The processors we engage do not store CV content permanently; the AI services do not use the data for training and retain it only temporarily for security and abuse-prevention purposes under their data processing terms. Log files are kept briefly and deleted regularly.

8. Your rights

You have the right of access (Art. 15), rectification (Art. 16), erasure (Art. 17), restriction (Art. 18), data portability (Art. 20) and objection (Art. 21) to processing based on Art. 6(1)(f). You may withdraw any consent at any time with effect for the future.

You may lodge a complaint with a supervisory authority; the competent one for us is the Berlin Commissioner for Data Protection and Freedom of Information, Alt-Moabit 59–61, 10555 Berlin, Germany. Without prejudice to that authority’s competence, you may also lodge a complaint with the supervisory authority of your habitual residence, your place of work or the place of the alleged infringement (Art. 77(1) GDPR).

9. Necessity of provision

Data required to perform the contract (in particular email address and CV content) must be provided to use the Service. The AI/template feature is entirely optional. Special categories of personal data you choose to include in your CV are not required to use the Service and are governed exclusively by Section 3.

10. No automated decision-making

No automated individual decision-making, including profiling, with legal effect under Art. 22 GDPR takes place. AI features are user-initiated tools and make no decisions about you.

11. Minors

The Service is intended for adults and is not directed at persons under 16. We do not knowingly process personal data of persons under 16. Use by minors is permitted only with the consent of a legal guardian; if we become aware of a minor’s data without the required consent, we delete it.

12. Data security

Connections are encrypted (TLS), and access to data is limited to what is necessary for operating the Service.

13. Third-party data in your CV

CV content may contain personal data of third parties (e.g. referees, former managers). You are responsible for being entitled to provide this data and for informing the persons concerned where required. Where CV content contains personal data of third parties, that data originates from your input and is not collected by us from the persons concerned (Art. 14(2)(f) GDPR). Affected third parties may exercise their rights via the email address above.

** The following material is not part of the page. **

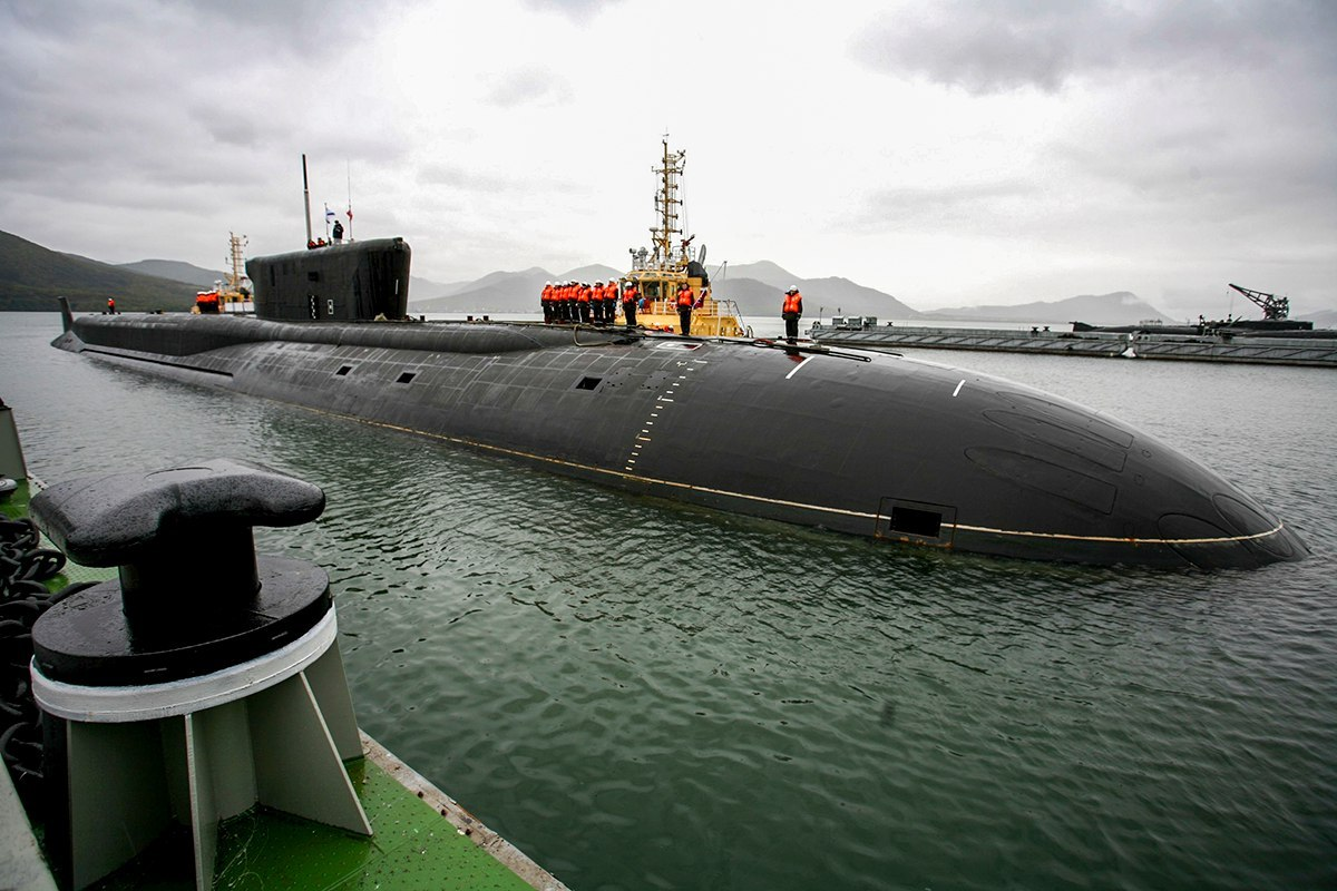 Alexander Nevsky in Vilyuchinsk.

14. Third-party login (Single Sign-On)

If you sign in using a third-party provider (planned or offered: Google, Apple, LinkedIn, GitHub), we receive from that provider the data needed to create and authenticate your account (in particular your email address and, where available, your name). The legal basis is Art. 6(1)(b) GDPR (sign-in and authentication at your request). We obtain this data from the third-party sign-in provider you choose (Art. 14(2)(f) GDPR); we collect no further personal data from that provider. These providers are independent controllers for their own processing; their privacy notices apply. Some providers are based outside the EU (USA); transfers rely on the providers’ safeguards (including EU Standard Contractual Clauses). Using a third-party login is optional.

15. Changes

We update this notice if processing changes. We notify you of material changes by email or by a clear notice in the Service. The version published here applies.

This English version is provided for your information. For this privacy notice the German version is authoritative (see Section 15 of the Terms of Use); this does not limit your data-protection rights, which arise from the GDPR regardless of language version.